Les motifs essentiels pouvant légitimer un refus de vendre sont l’impossibilité matérielle de satisfaire la demande (rupture de stock), l’anormalité de la demande présentée par le client (attitude agressive du client à l’égard du commerçant) ou l’ordre de la loi (interdiction de vente d’alcool à des mineurs, articles L. 5111-1 et L. 5111-2 du code de la santé publique).

La peine prévue par la loi est celle qui réprime les contraventions de 5e classe, soit une amende d’un montant maximum de 1.500 €, étant précisé que les amendes prononcées en la matière peuvent se cumuler pour chaque infraction constatée.

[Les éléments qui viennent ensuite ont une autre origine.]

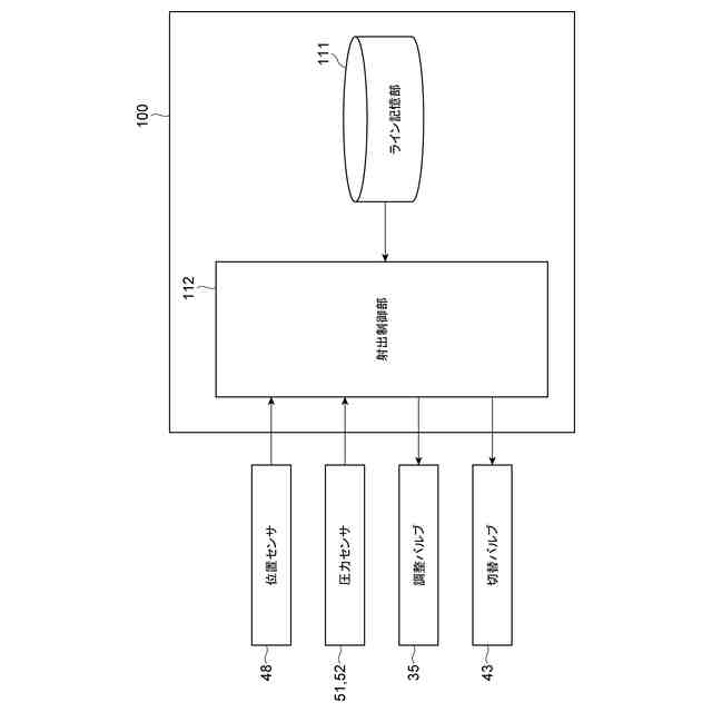 図1は、鋳造成形装置1の構成を例示する模式図である。鋳造成形装置1は、溶けた状態の金属(以下、「金属溶湯」という。)を金型内に充填して成形することで、鋳造品を製造する装置である。金属溶湯は、例えば、アルミニウム合金である。鋳造成形装置1は、ダイカストマシン、又はダイカスト装置とも称される。鋳造成形装置1は、例えば、金型10と、射出装置20と、油圧駆動部40と、位置センサ48と、圧力センサ51,52と、制御装置100と、を備える。以下、鋳造成形装置1が備える各要素について説明する。

Le commerçant en cause ne pourrait se réfugier derrière l’indisponibilité des produits en cause pendant la durée du Ramadan puisqu’il entrerait alors dans le cadre des pratiques commerciales trompeuses qui permettent de sanctionner le restaurateur ne vendant pas des produits indiqués sur sa carte.  L’article L. 212-1 I a) du code de la consommation considère en effet qu’est trompeuse une pratique commerciale « lorsqu'elle repose sur des allégations, indications ou présentations fausses ou de nature à induire en erreur et portant sur  l’existence, la disponibilité ou la nature du bien ou du service ».

En l’occurrence, le fait de présenter une carte comprenant des boissons alcoolisées indisponibles pour toute la durée du Ramadan entrerait très certainement dans le cadre de ce texte. La peine prévue par la loi est alors de deux ans d’emprisonnement et de 37 500 € d’amende.

A la supposer réelle, la mésaventure évoquée par l'avocat tweeteur était donc parfaitement rapportable aux autorités compétentes. Mais les services enquêteurs ayant tendance à mieux vérifier les informations dénoncées que ne peut le faire la communauté Twitter, le jeu eût peut-être été dès lors plus risqué...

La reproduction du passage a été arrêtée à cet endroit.